Царила атмосфера отточенного мастерства, словно каждый из них уже много раз проводил подобные рейды. Они не боялись. Часы на приборной панели показывали поздний вечер. Кэррадайн понятия не имел, какой сегодня день и сколько времени прошло с тех пор, как его забрали.
Ни на секунду его не оставляли одного. Он хотел попробовать отправить сообщение в Сомервилль по номеру, который запомнил после посещения ресторана, но не увидел ни мобильного, ни стационарного телефона в доме. Он подумывал написать записку на листке бумаги и выбросить её из фургона на светофоре, но ни в спальне, ни на кухне ручки не нашлось, и не было никакой возможности её найти. Когда он зашёл в ванную, русскоговорящий водитель стоял снаружи, распахнув дверь настежь, не давая Кэррадину ни малейшего шанса сбежать.
«Я хочу поговорить с отцом», — сказал он. Они были в нескольких милях к югу от Хай-Уикома. Симаков пил воду из бутылки.
«Не беспокойся об отце», — сказал он. «Зачем нам обижать невинного старика?» Он осекся. «Возможно, «невиновен» — неподходящее слово в данном контексте. Разве можно назвать «невиновным» человека, который когда-то работал против советских интересов, будучи британским шпионом?»
«Где вы его держите?»
«Там, где ему будет очень комфортно».
«Просто дайте мне поговорить с ним». Кэррадин ненавидел чувство бессилия.
«Позвольте мне заверить его, что с ним все будет хорошо».
«Нет», — ответил Симаков.
План нападения был прост. Кэррадин должен был спуститься в подвал на Чапел-стрит и постучать в дверь конспиративной квартиры.
Симаков знал, что Барток находится там, потому что утром ей разрешили выйти, и она прогулялась по Белгрейв-сквер. Сотрудник службы безопасности в штатском из российского посольства наблюдал, как она вышла, и следовал за ней пешком. С ней постоянно находился мужчина, похожий на Сомервилля. В квартире не было никакой охраны, даже камеры видеонаблюдения, фиксирующей движение в подвале. На двери был установлен объектив типа «рыбий глаз». Кэррадин должен был сообщить о себе тому, кто откроет дверь.
Симаков был уверен, что Халс и Сомервилл пропустят его. В этот момент российский водитель и женщина проберутся следом за ним.
Они будут вооружены. Бартока выведут к фургону и увезут. Симаков сказал Кэррадайну, что ему разрешат остаться в безопасном доме, как только Барток будет взят под стражу. Кэррадайн знал, что он намеревался убить их всех.
«Чего ты от нее хочешь?» — спросил он.
«От Лары?» Симаков закрутил крышку на бутылке. «Ответы».
«Ответы о чем?»
«Почему она бросила меня? Почему исчезла без объяснений? Подозревала ли она правду обо мне, о Воскресении? Если нет, я хочу знать, почему она была так жестока. Почему она выбрала такого человека, как ты, когда могла бы остаться с Иваном Симаковым».
Ревность, злоба, самодовольство – всё это было настолько же тревожно, насколько и жалко для Кэррадайна. Он уже достаточно насмотрелся на Симакова, чтобы понимать, что тот обезумел от власти и ненависти. Он вспомнил всё, что Барток рассказал ему о разрыве их отношений, и понял, что она смягчала причины своего ухода. Её так ужасала не только жажда насилия Симакова, но и его мания и ярость.

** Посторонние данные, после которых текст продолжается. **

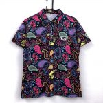 ダンスウィズドラゴン 半袖ポロシャツ 黒×マルチ ペイズリー柄 花柄

«Что с ней будет?» — спросил он.
«Это мое дело».
Кэррадин снова подумал об отце. Возможно ли, что Симаков лгал? Уильям Кэррадин был общительным человеком. У него была девушка – или, по крайней мере, подруга, с которой он проводил много времени. Дважды в неделю он играл в нарды в местном пабе с другом, который жил неподалёку.
Он регулярно помогал в соседнем хосписе, читая пациентам книги. Короче говоря, его отсутствие было заметно. Девушка заглядывала к нему. Игрок в нарды удивлялся, почему Билл не появился в пабе.
Вскоре к делу подключится полиция, а затем и Служба безопасности. Они установят связь с Кэррадином и поймут, что что-то не так. И где…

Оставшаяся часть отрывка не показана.